The Food adn drug Management (FDA) has expanded the approved use of Uzedy (risperidone) extended-release injectable suspension to include the treatment of manic or mixed episodes associated with Bipolar I Disorder in adults, Teva Pharmaceuticals announced September 4, 2025. Previously approved for schizophrenia,this broadened indication offers a new long-acting injectable option for managing acute mood episodes in individuals with Bipolar I Disorder.
This approval addresses a meaningful need for convenient and effective treatment modalities for Bipolar I Disorder, a chronic mental illness affecting approximately 2.8% of U.S. adults. The extended-release injectable formulation of risperidone aims to improve medication adherence, a critical factor in stabilizing mood and preventing relapse. Patients and healthcare providers now have an additional tool to manage the debilitating symptoms of mania and mixed episodes, potentially leading to improved quality of life and reduced hospitalizations.

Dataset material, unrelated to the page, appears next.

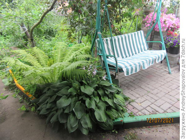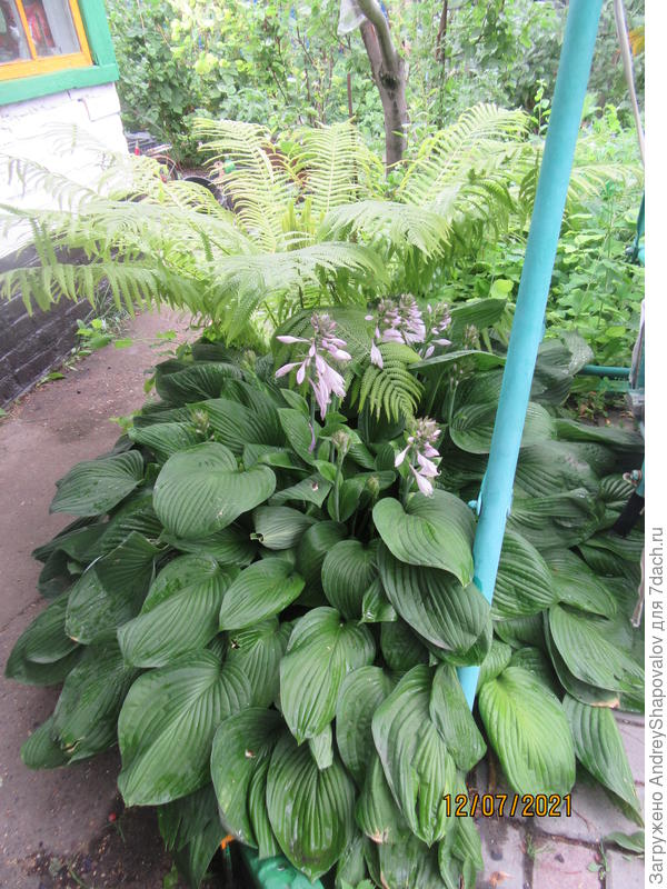 Прошло время и хосты разрослись, стали хозяйками на клумбе. Особенно хороша обычная подорожниковая хоста. Высота куста около 50-60 см, а в диаметре до 100 см.
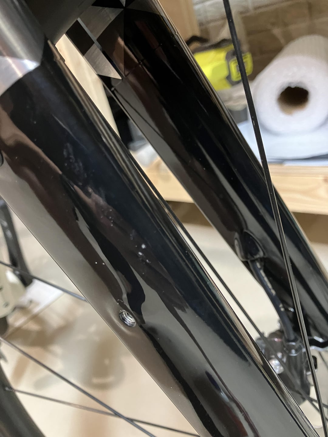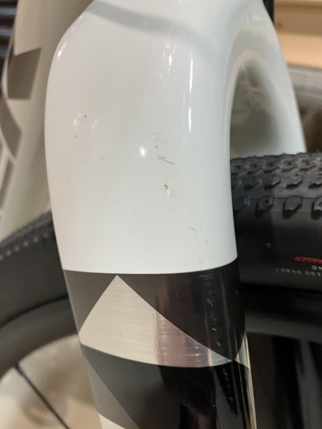 フォークの片側に数か所傷がついていました。しばらく新品の自転車を購入していないのですが、店頭で試乗などされた自転車を購入すると新品でもこのような傷はつきものなのでしょうか?

Uzedy’s efficacy in treating Bipolar I Disorder was demonstrated in a clinical trial evaluating its impact on manic or mixed episode symptoms. The FDA’s decision is based on data showing significant improvements in patients receiving Uzedy compared to placebo.
Additionally, on September 4, 2025, the FDA approved Amneal Pharmaceuticals’ injectable extended-release suspension of risperidone for the treatment of schizophrenia, as reported by Pharmacy Times. This provides another long-acting injectable option for managing schizophrenia, offering potential benefits in terms of adherence and symptom control.